Aber ich möchte, das werden Sie verstehen, vom Gesamtanliegen unserer Partei her einige Grundlagen zur Geschädigten-Politik aufzeigen, die ja auch der Herr Bundesfinanzminister besonders angesprochen hat. Er hat hier gesagt: Kein Berufsstand in Deutschland, kein Bevölkerungskreis einschließlich der im Eingliederungsprozeß befindlichen Vertriebenen und Flüchtlinge, der nicht von diesem Haushalt eine echte und große Förderung seines Lebensstandards erwarten kann. Es gibt auch andere, etwas weniger schön gefärbte und deutlichere Äußerungen aus demselben Lager, die — ich darf auch hier noch einmal kurz zitieren — kürzlich in der Zeitschrift „Der Monat" veröffentlicht worden sind. Es heißt dort:
Hört man die Sprecher der Vertriebenen, dann ist die Not noch sehr groß. Fragt man aber die zuständigen amtlichen Stellen in Bund und Ländern, dann bekommt man zur Antwort, daß die Fürsorge vielfach das Maß des Notwendigen überschritten habe.

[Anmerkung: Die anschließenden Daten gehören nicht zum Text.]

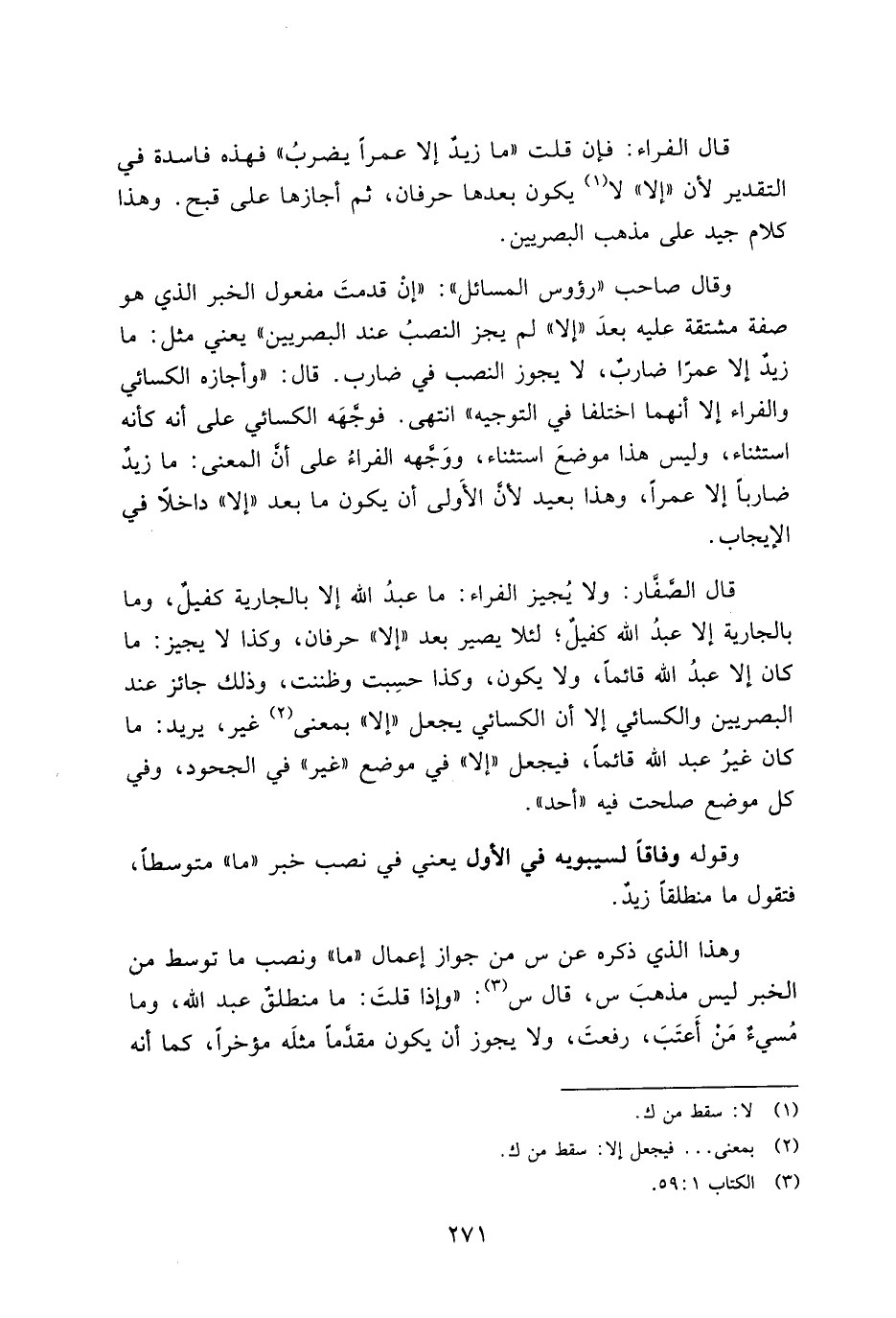 قال الصفار: ولا يجيز الفراء: ما عبد الله إلا بالجارية كفيل، وما بالجارية إلا عبد الله كفيل؛ لئلا يصير بعد "إلا" حرفان، وكذا لا يجيز: ما كان إلا عبد الله قائمًا، ولا يكون، كذا حسبت وظننت، وذلك جائز عند البصريين والكسائي إلا أن الكسائي يجعل "إلا" بمعنى غير، يريد: ما كان غير عبد الله قائمًا، فيجعل "إلا" في موضع "غير" في الجحود، وفي كل موضع صلحت فيه "أحد".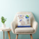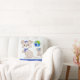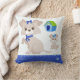 Add a cute touch to your home bedroom or nursery with this adorable puppy throw pillow. Pillow features a mummy dog with a baby puppy. Both dogs are wearing blue bows and the mum dog is wearing a collar. There's also a dog house in the background, a cross stitch pattern, and a dog paw print. Customise the pillow with your little girl or boy's first name.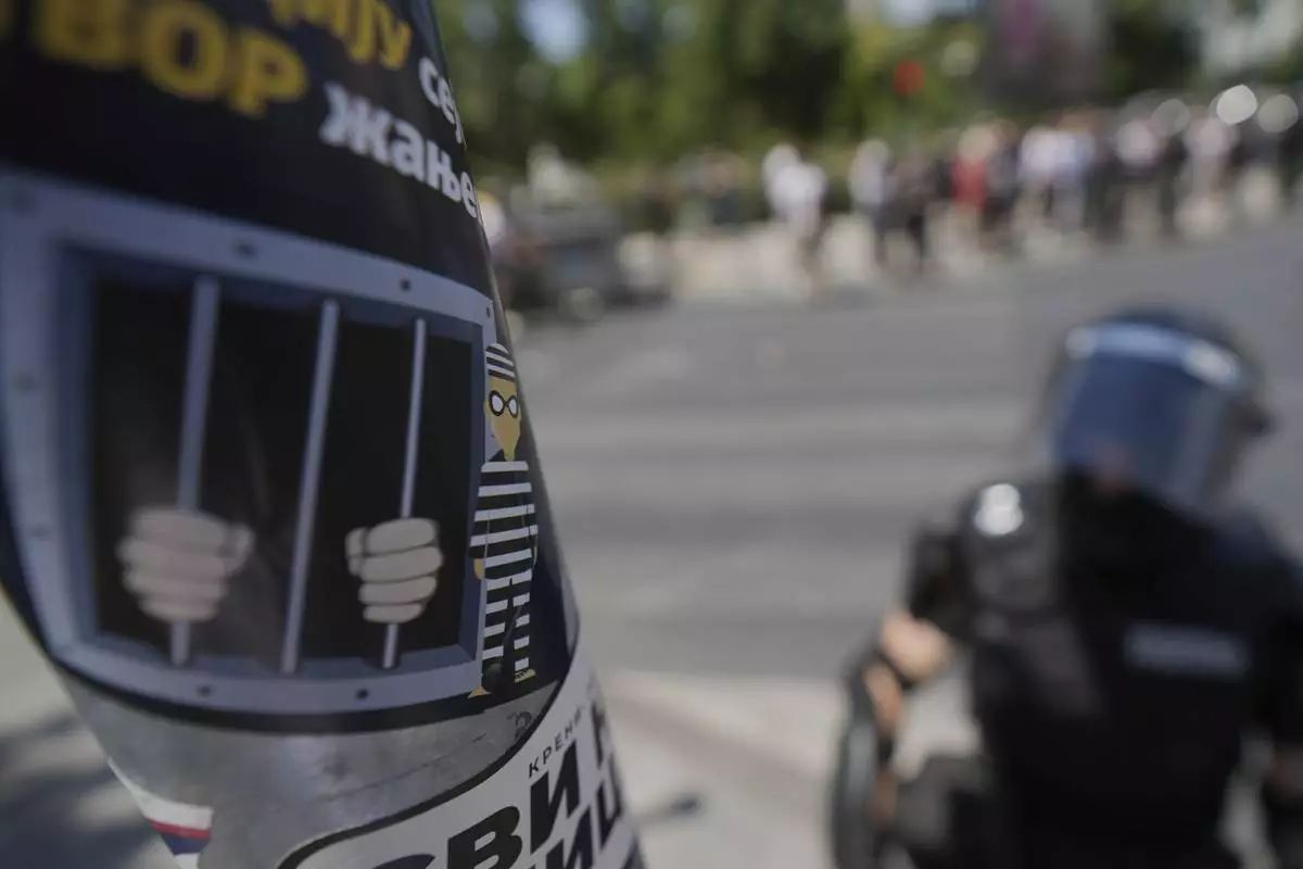Police said in a statement that a number of people were detained but did not specify how many. Video posted on social media showed police vehicles driving at high speed through a blockade in one Belgrade street and people fleeing in panic.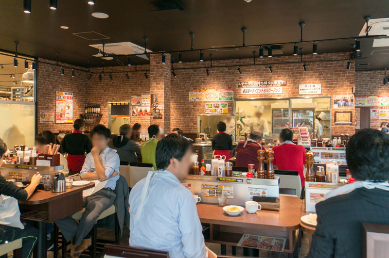 いきなりステーキといえば、立ち食いスタイルでステーキを楽しめるのが特徴の店舗ですが、こちらのお店は店内席が設置されています。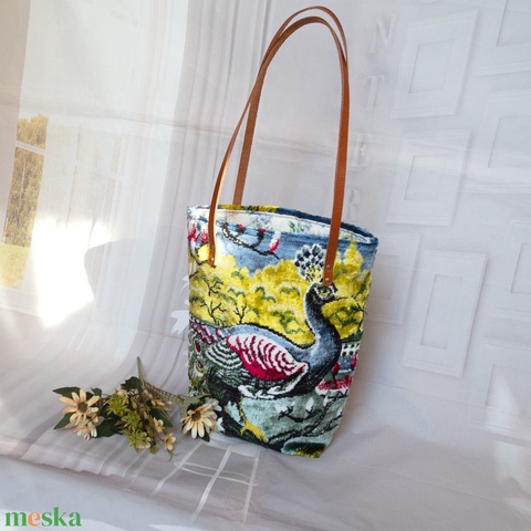 Pávamintás szőnyegtáska, Bársony szőnyeg válltáska, Pávás partitáska, Egzotikus szőnyegtáska
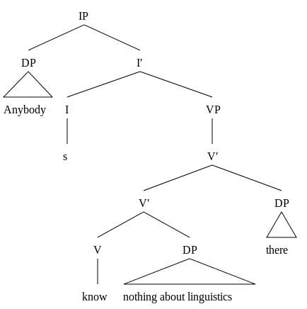 (6b) *Anybody knows nothing about linguistics there.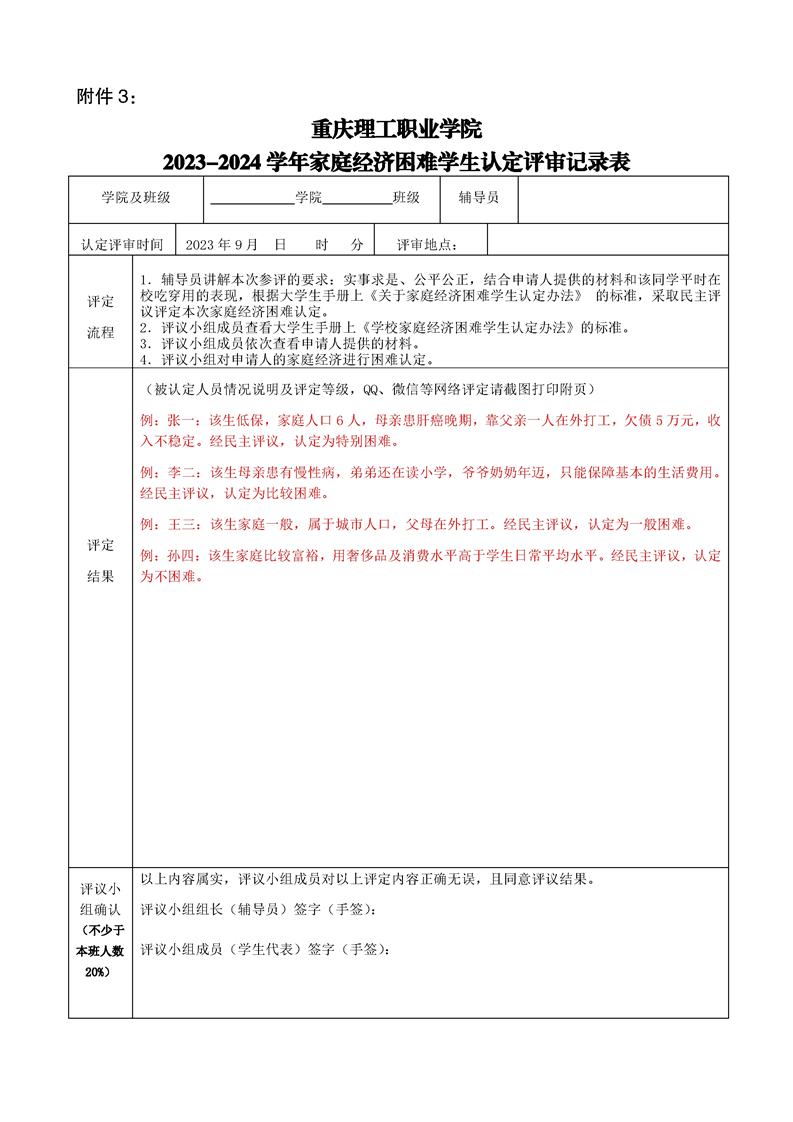 > 2023-2024学年家庭经济困难学生认定评审记录表 > 正文
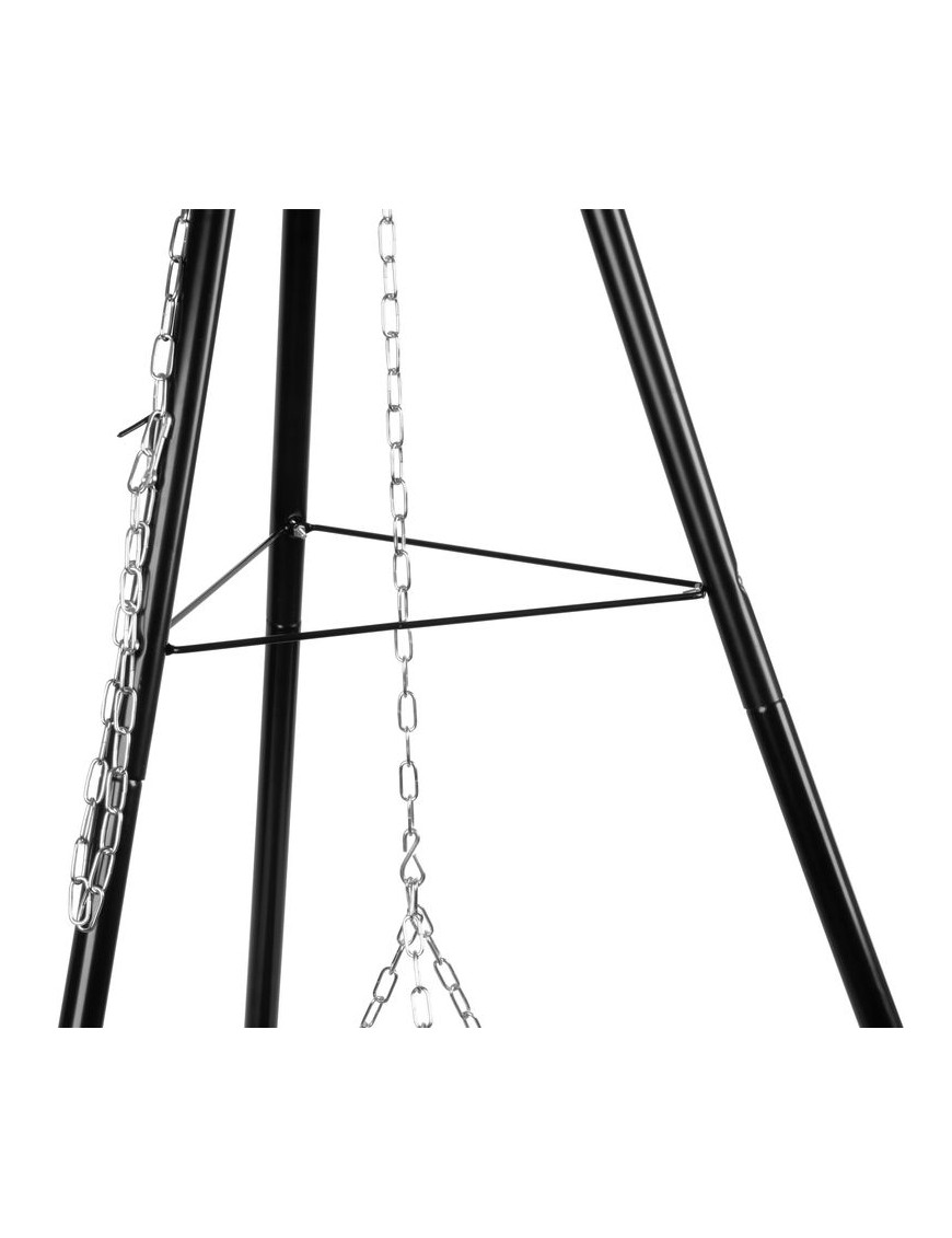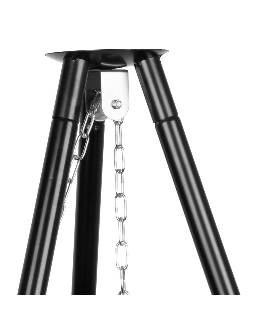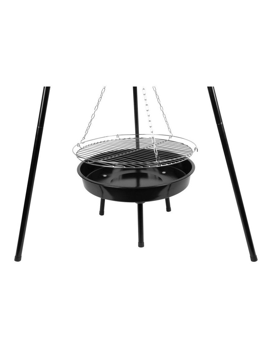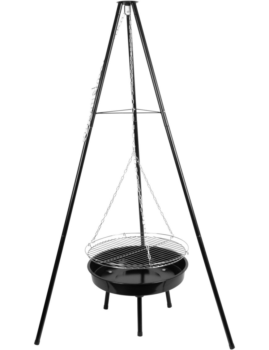 Závesný gril je ideálny typ grilu na grilovanie nie len na záhrade, ale taktiež kdekoľvek v prírode. Vďaka možnosti jeho rozkladu na menšie prenosné časti je manipulácia s ním jednoduchá a samotné zloženie a rozloženie vám nezaberie viac ako pár minút. Jeho výhoda spočíva v zložení z dvoch oddeliteľných častí. Hlavnú konštrukciu tvorí trojnožkový stojan, na ktorý sa následne upevní pozinkovaná reťaz. Posledným krokom je už len zavesenie samotnej grilovacej časti na visiacu reťaz. Príslušná miska sa dá využiť na varenie, vyprážanie alebo umiestnenie uhlia a má hrúbku 0,5 mm. Na misku sa v prípade grilovania umiestni pozinkovaná mriežka, ktorá má rozmery 4,5 x 2,5 mm a celkový priemer varnej plochy je 51 cm. Varná výška je v rozmedzí od 320 do 660 mm. Celý gril je v klasickej čiernej farbe a jeho hmotnosť je iba 4,76 kg.

(Abg. Pelster: Stimmt doch wohl!)

- Ich möchte mir ersparen, hier den Namen dieses Kollegen zu nennen. So kann man es nicht tun. Es hat seinerzeit Äußerungen verschiedener Art von kompetenter Seite zu dieser Frage gegeben. Wir haben um die Weihnachtszeit vom Herrn Bundesminister für Vertriebene und Geschädigte Worte gehört, die so gefaßt waren, daß man zwangsläufig interpretieren mußte, auch er sehe die Dinge weitgehend als erledigt an. Es hat darauf einen kleinen, nicht unserer Initiative entsprungenen, offenen Briefwechsel zu dieser Frage gegeben. Aber er hat dann in einer bekanntgewordenen Denkschrift seines Ministeriums darauf hingewiesen, daß 50% der Geschädigten auch — und ich möchte sagen: sogar — nach seiner Meinung eben noch nicht als eingegliedert und auch nicht als annähernd eingegliedert bezeichnet werden können. In anderen Fragen liegt es ähnlich.
Meine sehr verehrten Damen und Herren, mit den Empfangsworten in Friedland allein ist es noch nicht getan, wenn wir nachher nach Jahr und Tag von den Spätheimkehrern die Briefe bekommen und erfahren, daß sie eben noch keine Arbeit, noch keine Existenz finden konnten.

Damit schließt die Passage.